Though this event was less than one-tenth the size of the previous one, and consisted of only 531 “Votes for Women” advocates, that number was appropriate to the event’s purpose, since each of the 48 States has two Senators, for a total of 96, and there are 435 Representatives in the House.
It was the largest delegation of suffragists ever to call on the 531-member Congress.
After being given a welcoming speech on the Capitol steps by a U.S. Senator, the marchers entered the Capitol, where they were greeted by Representative James W. Bryan of the Progressive (“Bull Moose”) Party, elected to represent an At-Large District in Washington State. Bryan said that “there were enough men in the Senate and House to make certain that the flag of woman suffrage never would be pulled down in the United States.”
The delegates then filed into the Rotunda, where nine Senators and an equal number of Representatives from the nine States where women already have equal voting rights with men received them.

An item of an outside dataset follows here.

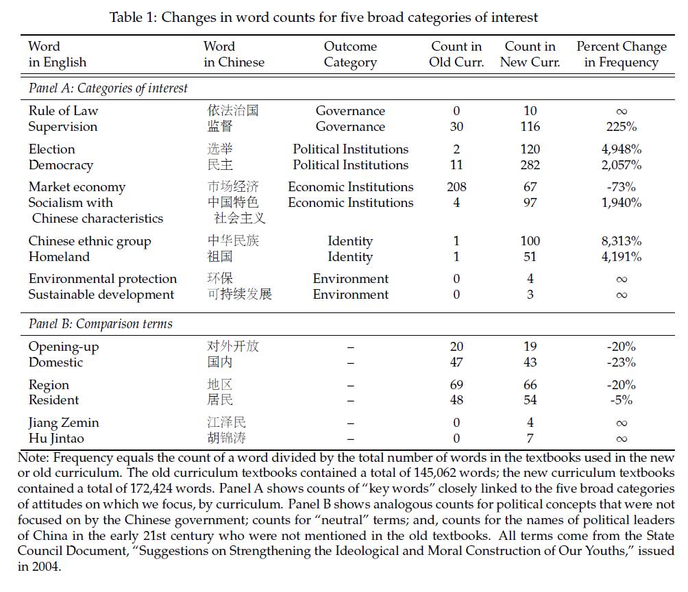 更细而言,,因为其是专为“思想道德教育”而设。2004年,,。不像其他科目的教材在地区上存在多样化,,第8次课程改革后同样是采用统一内容的新一套教材。因此,作者可以综合比较新老版本的具体内容变化,。虽然新教科书保有原教材的大部分内容,但是一些内容变化还是不小,有完全被删除的章节,也有被广泛修订的章节,同时也添加了不少新内容。对应的,。这一系列引人注目的课程改革与政府文件中概述的目标是一致的。:(i)对政府治理的看法;;(iii)对经济机制的认可;(四)学生对民族、国民身份的认同感;及(v)对环境的态度。

Those members of Congress shook hands with each of the women as they dropped their petitions into a box specially prepared for the occasion, putting one petition in the box for each Senator and Representative. The women then went to the Senate and House galleries, where they could see the suffrage amendment resolutions introduced on the floor by Senator George Chamberlain, Democrat of Oregon, and Representative Frank Mondell, Republican of Wyoming.
Today’s events began with a large meeting in the Columbia Theater, in which rousing speeches were made by well-known suffragists such as Alice Paul, Harriet Burton Laidlaw, Beatrice Forbes-Robertson Hale, and Janet Richards. Those present for the event, which was organized by Alice Paul and her National American Woman Suffrage Association Congressional Committee, then took to the streets. Led by two marching bands, there was no trouble this time as they made their way from the theater to the Capitol accompanied by adequate police protection, something totally lacking 35 days ago.